We become failure-averse – reluctant to try new or difficult things for fear that we won't immediately achieve the success we want.

It seems that something in our psyche needs difficulty. Or, more precisely, to overcome difficulty.

Maybe by learning the feeling of persisting through difficulty to an eventual success, we become more confident to tackle new and more difficult problems.

Effort and grift

Grift, on the other hand, is diametrically opposed to effort. Almost every grift involves the promise of something for nothing.

  • "Spend pennies, get a guaranteed return with no risk."
  • "Purchase my template, and you'll have a profitable SaaS."

(Some 'fear of missing out' comes from listening to grifters. We feel we're late to the gold rush.)

This is absolutely happening in the AI space.

Sometimes it's unintentional. People are excited about what's possible. ("I built this whole app with an agent – it did it all itself!")

Sometimes it's to sell a product.

Regardless, if we listen to some of these stories, we might see AI as 'value for nothing'. Why not vibe code your way to success? Or build your network with your new LinkedIn auto-responder bot?

Of course we want to maximise our leverage. We want to get the most possible value out of the effort we put in. But we can't avoid this one truth: the value we receive is always a function of the value we contribute.

That might be anything:

  • the vision that brings people together
  • the effort of showing up daily
  • the genius idea (though rarely is the idea the most precious thing)
  • the kindness and care that makes a team work

Value isn't replaceable.

A better story

I can't but help think that we might as well tell the story of The Developer and the Golden LLM.

One day a developer meets a wizened old man in the forest.

"My name is Claude," he introduces himself. "I wish to give you this golden LLM. You can ask it any question at all and it will answer it for you. Write code, edit your tweets, evaluate your boyfriend's texts."

With joy, he receives the golden LLM. Day by day he uses it. First, a little. Then, more and more. Soon it seems that he barely touches any task without directly bringing out the golden ball.
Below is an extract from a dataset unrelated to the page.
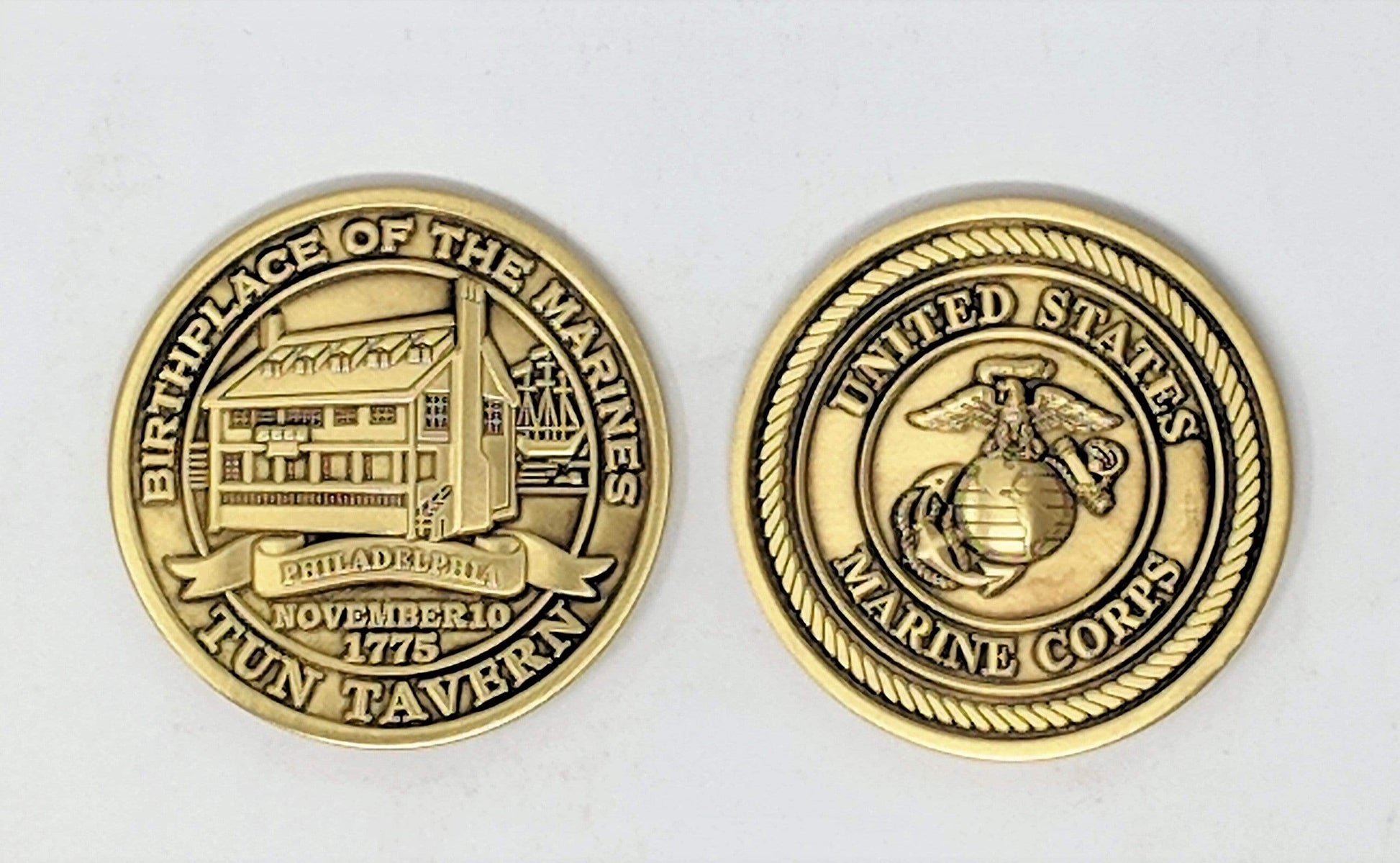 This Tun Tavern challenge coin features the Marine Corps emblem with "United States Marine Corps" on one side, while the other side of the coin has the Tun Tavern, a tavern and brewery in Philadelphia where the Marine Corps held its first recruitment drive during the American Revolution. Surrounding this image are the words "Birthplace Of The Marines - Tun Tavern."

But as the years pass, he realises he can't recall much of what he's shipped. Bugs surface that he must have introduced – but he has no memory of them. He has more followers than ever on Twitter, but he's not sure any of them actually want to hear what he has to say.

One day, he sets out to create a side project on a plane and finds himself just staring at the screen, unable to code.

In the original story, the boy chooses to go back and live his life again, but without the ball of golden thread.

For us, turning back time isn't an option.

But we can learn from the story.

How we approach these tools makes a huge difference. If we treat them as a substitute for effort, we're barely a step away from grift – and I really believe we'll wake up one day, completely hollow.

But that doesn't have to be our story. We don't have to treat AI as a zero-effort shortcut to success.

We can:

  • treat generated code as ephemera rather than the finished product
  • review every line, increasing our skillset at the same time
  • solve new problems and build new instincts

AI serves us as a force multiplier, augmenting our own agency and making the most of our own effort, hard work and value, not by replacing it.